Task directions: Reproduce exactly, and only, the lines below from the one containing "Cata 5W Çift" through the one containing "造梦西游4小怪兽辅助是一款支".

Data:

——

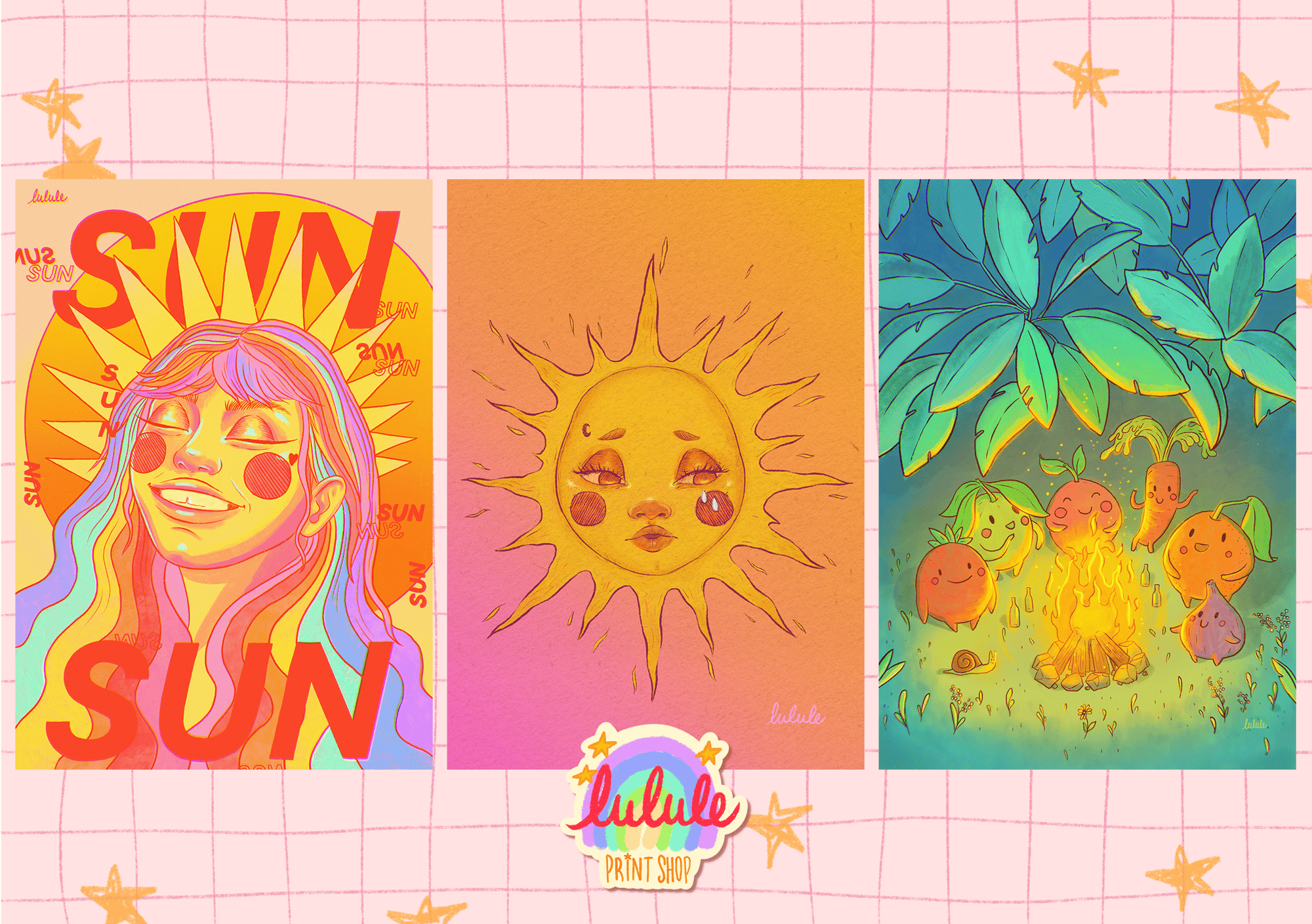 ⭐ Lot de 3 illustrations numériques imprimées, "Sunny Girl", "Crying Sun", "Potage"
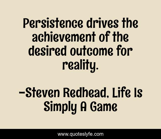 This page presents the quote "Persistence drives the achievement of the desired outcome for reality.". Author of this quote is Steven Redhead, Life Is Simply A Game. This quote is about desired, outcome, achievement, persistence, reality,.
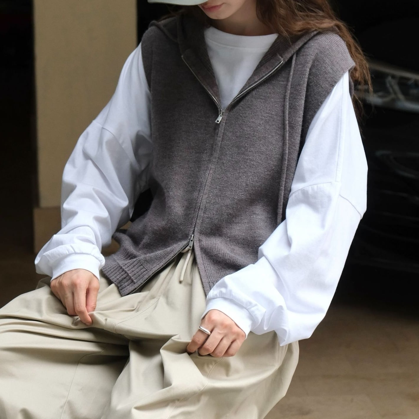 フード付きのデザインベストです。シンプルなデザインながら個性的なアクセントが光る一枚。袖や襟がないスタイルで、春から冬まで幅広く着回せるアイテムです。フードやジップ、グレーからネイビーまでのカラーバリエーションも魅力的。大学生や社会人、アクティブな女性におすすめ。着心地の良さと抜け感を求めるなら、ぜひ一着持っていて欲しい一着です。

——

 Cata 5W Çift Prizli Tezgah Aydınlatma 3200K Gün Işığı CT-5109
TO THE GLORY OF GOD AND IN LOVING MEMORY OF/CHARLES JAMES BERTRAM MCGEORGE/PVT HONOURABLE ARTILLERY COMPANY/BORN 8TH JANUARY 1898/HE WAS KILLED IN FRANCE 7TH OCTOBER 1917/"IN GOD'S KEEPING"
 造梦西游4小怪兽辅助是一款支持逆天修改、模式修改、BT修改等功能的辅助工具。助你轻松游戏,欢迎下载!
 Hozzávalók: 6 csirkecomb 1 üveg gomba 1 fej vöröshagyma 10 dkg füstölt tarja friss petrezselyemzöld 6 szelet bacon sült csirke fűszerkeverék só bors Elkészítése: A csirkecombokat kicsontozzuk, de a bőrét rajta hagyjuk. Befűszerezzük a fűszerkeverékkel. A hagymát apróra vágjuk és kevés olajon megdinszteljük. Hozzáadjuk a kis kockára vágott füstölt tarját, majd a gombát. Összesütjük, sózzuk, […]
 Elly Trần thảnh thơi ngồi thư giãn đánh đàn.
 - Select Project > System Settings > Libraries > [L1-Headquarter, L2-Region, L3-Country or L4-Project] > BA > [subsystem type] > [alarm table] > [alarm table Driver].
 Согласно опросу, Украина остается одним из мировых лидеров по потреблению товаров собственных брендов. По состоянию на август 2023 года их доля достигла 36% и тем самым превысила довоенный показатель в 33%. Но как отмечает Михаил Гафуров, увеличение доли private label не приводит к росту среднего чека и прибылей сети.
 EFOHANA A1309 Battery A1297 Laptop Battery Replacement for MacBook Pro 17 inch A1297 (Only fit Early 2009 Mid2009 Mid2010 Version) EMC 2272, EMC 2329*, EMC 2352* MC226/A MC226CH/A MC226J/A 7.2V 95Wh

——

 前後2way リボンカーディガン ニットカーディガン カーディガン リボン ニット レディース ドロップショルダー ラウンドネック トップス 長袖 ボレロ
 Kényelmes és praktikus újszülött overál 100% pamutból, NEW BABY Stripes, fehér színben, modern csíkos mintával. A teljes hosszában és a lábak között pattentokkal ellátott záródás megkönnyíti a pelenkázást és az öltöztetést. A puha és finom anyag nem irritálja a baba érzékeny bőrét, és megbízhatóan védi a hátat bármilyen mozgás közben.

——

Answer to this problem:
 Cata 5W Çift Prizli Tezgah Aydınlatma 3200K Gün Işığı CT-5109
TO THE GLORY OF GOD AND IN LOVING MEMORY OF/CHARLES JAMES BERTRAM MCGEORGE/PVT HONOURABLE ARTILLERY COMPANY/BORN 8TH JANUARY 1898/HE WAS KILLED IN FRANCE 7TH OCTOBER 1917/"IN GOD'S KEEPING"
 造梦西游4小怪兽辅助是一款支持逆天修改、模式修改、BT修改等功能的辅助工具。助你轻松游戏,欢迎下载!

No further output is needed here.